### DESCRIPTION OF THE TASK
Where the line containing "Comparisons between amounts" appears in the entries below, begin there and output every line through the last, exactly, minus the pictures.

Stored entries
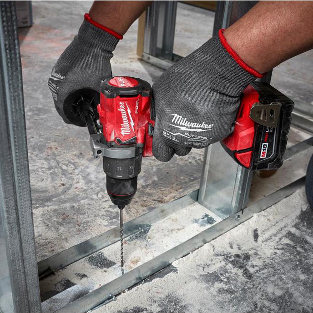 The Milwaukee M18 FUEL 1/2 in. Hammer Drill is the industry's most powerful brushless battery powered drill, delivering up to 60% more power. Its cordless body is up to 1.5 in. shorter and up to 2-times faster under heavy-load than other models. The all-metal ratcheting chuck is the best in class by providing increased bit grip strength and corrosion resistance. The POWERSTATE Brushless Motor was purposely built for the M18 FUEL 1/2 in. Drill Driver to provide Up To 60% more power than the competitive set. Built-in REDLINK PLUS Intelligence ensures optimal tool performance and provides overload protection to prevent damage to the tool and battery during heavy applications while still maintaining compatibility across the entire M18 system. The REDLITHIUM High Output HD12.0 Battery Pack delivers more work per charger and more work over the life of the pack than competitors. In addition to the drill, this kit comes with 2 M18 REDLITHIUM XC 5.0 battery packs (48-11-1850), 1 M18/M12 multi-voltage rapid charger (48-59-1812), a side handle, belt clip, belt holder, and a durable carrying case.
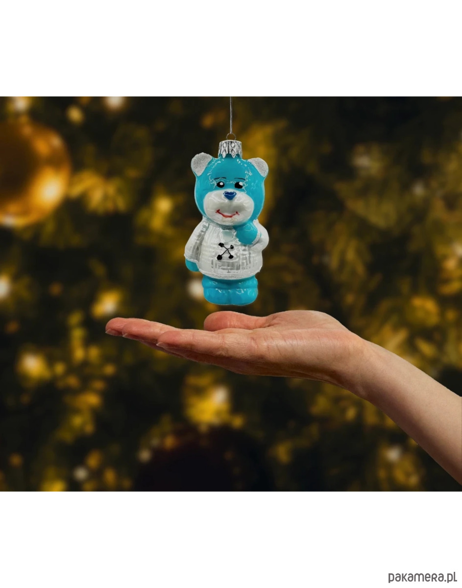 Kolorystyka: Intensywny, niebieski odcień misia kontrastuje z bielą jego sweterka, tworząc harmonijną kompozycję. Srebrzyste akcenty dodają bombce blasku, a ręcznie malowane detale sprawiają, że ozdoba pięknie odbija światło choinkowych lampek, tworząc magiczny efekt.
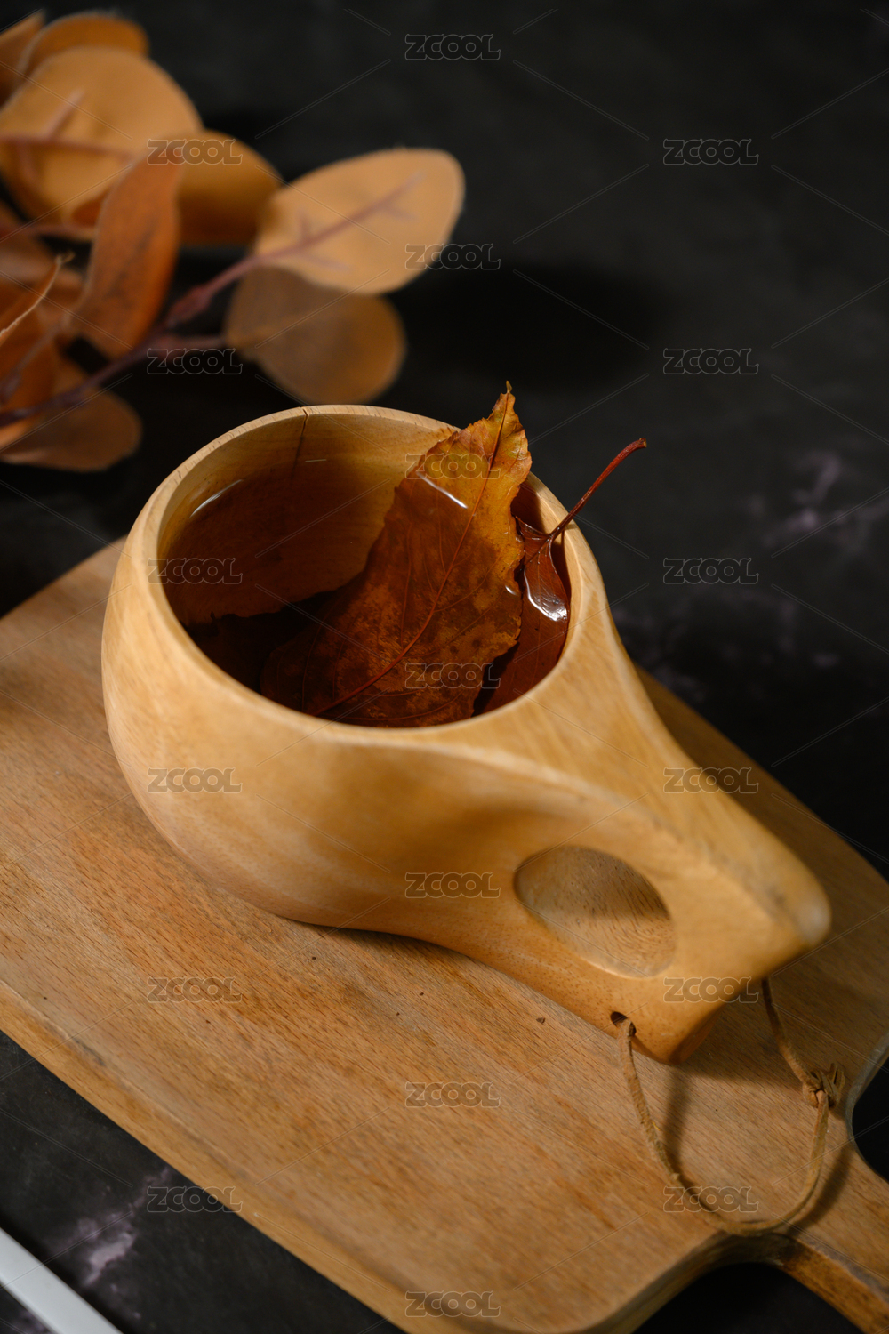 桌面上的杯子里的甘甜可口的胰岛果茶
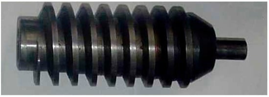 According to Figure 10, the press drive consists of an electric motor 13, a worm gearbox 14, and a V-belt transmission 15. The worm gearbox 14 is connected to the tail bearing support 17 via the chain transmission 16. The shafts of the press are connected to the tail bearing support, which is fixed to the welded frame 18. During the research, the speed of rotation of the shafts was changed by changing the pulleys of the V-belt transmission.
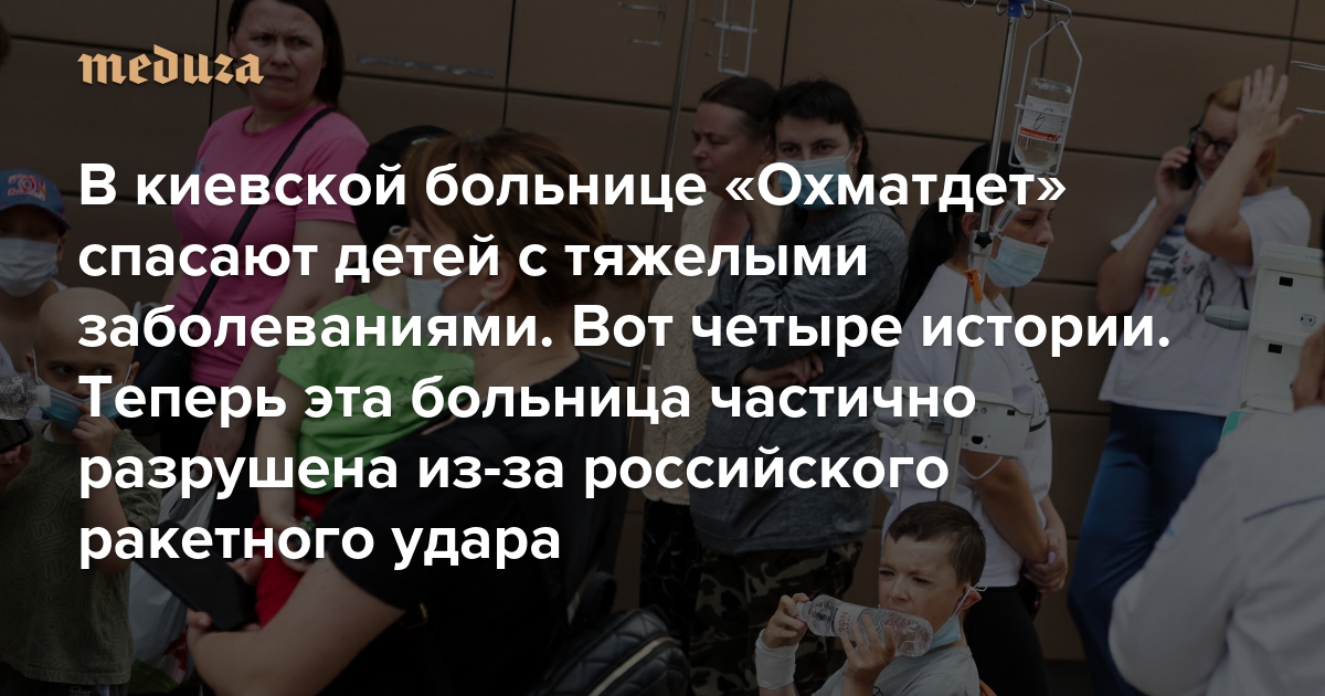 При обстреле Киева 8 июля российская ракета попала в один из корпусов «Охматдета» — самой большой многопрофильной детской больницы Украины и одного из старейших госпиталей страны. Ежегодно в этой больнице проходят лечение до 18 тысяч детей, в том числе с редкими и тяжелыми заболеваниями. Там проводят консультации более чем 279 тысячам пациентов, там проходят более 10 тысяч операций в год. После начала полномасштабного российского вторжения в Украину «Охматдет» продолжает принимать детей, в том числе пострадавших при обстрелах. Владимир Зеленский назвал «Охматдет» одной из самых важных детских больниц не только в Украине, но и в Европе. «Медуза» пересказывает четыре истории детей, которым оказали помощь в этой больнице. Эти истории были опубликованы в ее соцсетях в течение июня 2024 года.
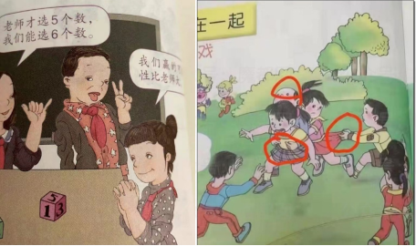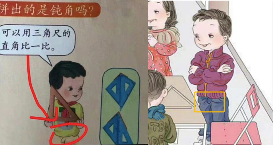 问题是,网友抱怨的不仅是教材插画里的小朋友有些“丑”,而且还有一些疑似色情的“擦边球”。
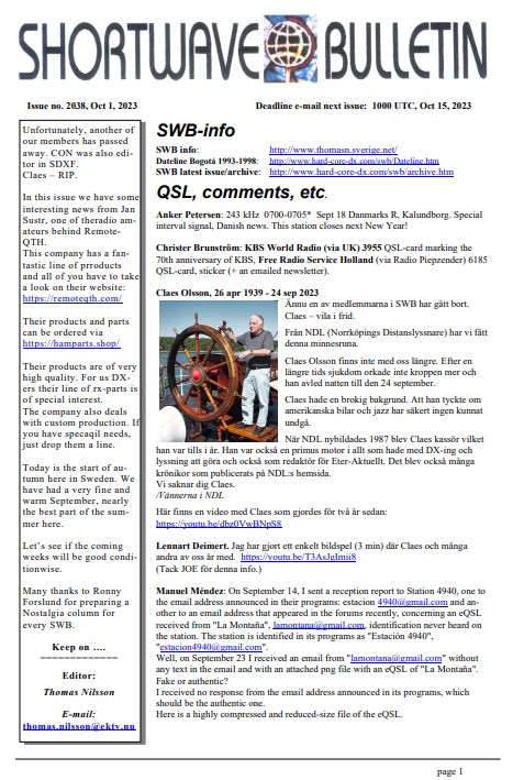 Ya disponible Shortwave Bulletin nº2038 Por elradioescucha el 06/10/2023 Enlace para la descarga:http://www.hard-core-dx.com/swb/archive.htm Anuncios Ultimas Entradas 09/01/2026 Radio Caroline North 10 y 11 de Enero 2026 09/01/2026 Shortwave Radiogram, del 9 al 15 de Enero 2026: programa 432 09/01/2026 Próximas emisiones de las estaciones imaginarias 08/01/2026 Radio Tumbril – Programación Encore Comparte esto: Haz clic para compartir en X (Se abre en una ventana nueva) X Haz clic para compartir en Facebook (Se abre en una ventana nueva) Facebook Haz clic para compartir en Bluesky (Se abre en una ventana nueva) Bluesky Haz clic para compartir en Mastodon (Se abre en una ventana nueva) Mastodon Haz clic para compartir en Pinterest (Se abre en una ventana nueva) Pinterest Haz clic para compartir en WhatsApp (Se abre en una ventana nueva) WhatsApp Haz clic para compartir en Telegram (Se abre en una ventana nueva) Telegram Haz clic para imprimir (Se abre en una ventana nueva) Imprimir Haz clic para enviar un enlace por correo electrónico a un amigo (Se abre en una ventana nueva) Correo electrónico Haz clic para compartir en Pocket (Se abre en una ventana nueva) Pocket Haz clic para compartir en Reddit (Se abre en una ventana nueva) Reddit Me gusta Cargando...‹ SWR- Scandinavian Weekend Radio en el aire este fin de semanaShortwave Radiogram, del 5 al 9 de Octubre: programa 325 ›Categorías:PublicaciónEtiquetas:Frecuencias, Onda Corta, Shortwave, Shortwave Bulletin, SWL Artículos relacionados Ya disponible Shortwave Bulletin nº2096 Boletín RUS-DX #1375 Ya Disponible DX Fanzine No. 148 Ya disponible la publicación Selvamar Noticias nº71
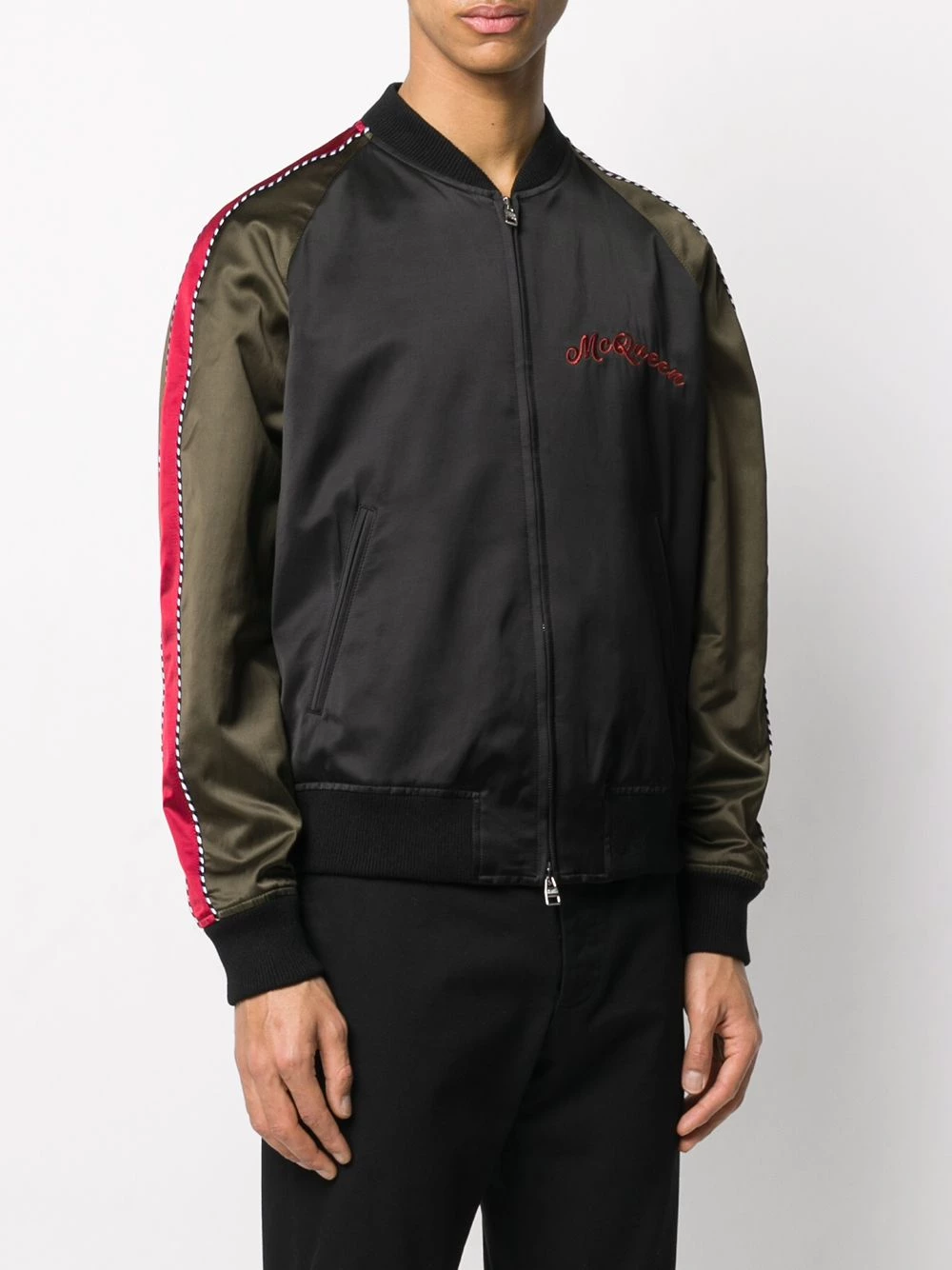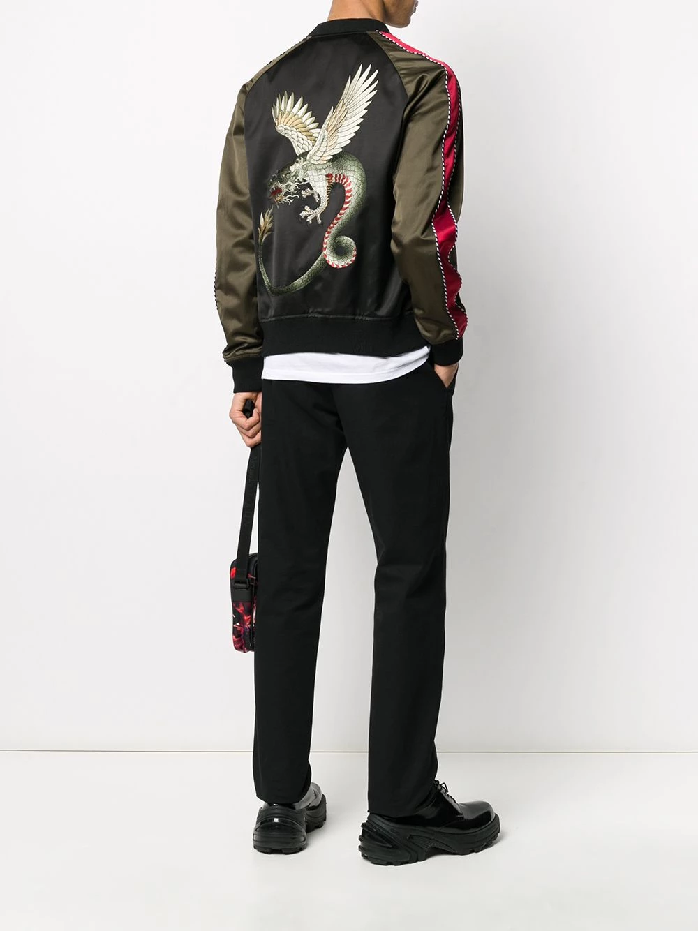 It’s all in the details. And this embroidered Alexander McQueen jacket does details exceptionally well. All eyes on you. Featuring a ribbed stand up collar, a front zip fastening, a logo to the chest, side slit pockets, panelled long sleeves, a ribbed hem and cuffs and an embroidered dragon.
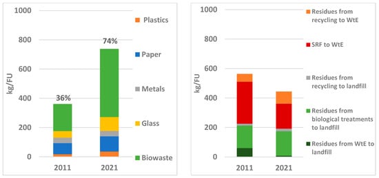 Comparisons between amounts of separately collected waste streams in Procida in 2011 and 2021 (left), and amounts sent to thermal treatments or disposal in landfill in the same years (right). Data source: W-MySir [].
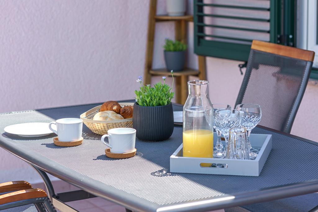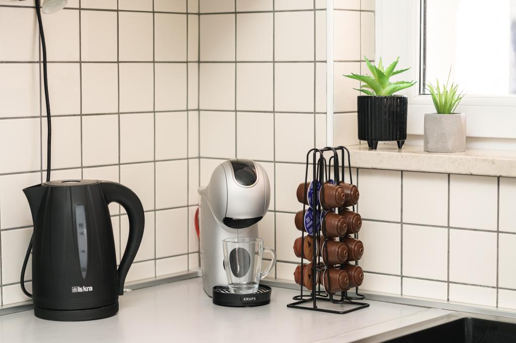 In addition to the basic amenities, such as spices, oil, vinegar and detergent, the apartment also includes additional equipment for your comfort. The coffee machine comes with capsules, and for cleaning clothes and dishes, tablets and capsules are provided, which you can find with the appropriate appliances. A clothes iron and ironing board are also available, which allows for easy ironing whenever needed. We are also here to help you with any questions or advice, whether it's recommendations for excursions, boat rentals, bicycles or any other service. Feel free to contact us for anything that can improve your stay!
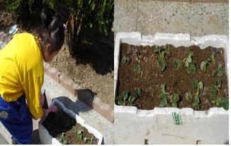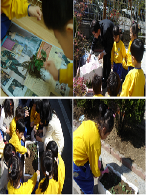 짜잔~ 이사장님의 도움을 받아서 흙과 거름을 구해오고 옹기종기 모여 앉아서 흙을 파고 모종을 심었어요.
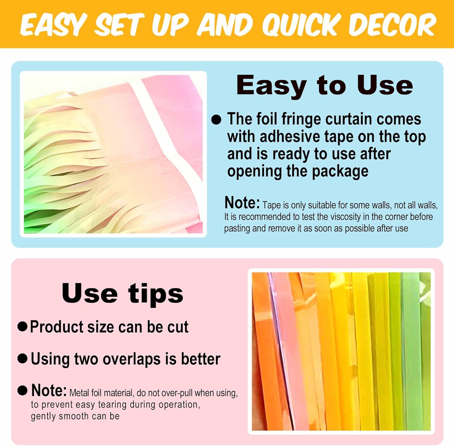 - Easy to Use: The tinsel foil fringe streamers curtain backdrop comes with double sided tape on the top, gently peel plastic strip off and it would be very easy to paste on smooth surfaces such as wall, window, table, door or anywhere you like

### OUTPUT BELOW
 Comparisons between amounts of separately collected waste streams in Procida in 2011 and 2021 (left), and amounts sent to thermal treatments or disposal in landfill in the same years (right). Data source: W-MySir [].
 In addition to the basic amenities, such as spices, oil, vinegar and detergent, the apartment also includes additional equipment for your comfort. The coffee machine comes with capsules, and for cleaning clothes and dishes, tablets and capsules are provided, which you can find with the appropriate appliances. A clothes iron and ironing board are also available, which allows for easy ironing whenever needed. We are also here to help you with any questions or advice, whether it's recommendations for excursions, boat rentals, bicycles or any other service. Feel free to contact us for anything that can improve your stay!
 짜잔~ 이사장님의 도움을 받아서 흙과 거름을 구해오고 옹기종기 모여 앉아서 흙을 파고 모종을 심었어요.
 - Easy to Use: The tinsel foil fringe streamers curtain backdrop comes with double sided tape on the top, gently peel plastic strip off and it would be very easy to paste on smooth surfaces such as wall, window, table, door or anywhere you like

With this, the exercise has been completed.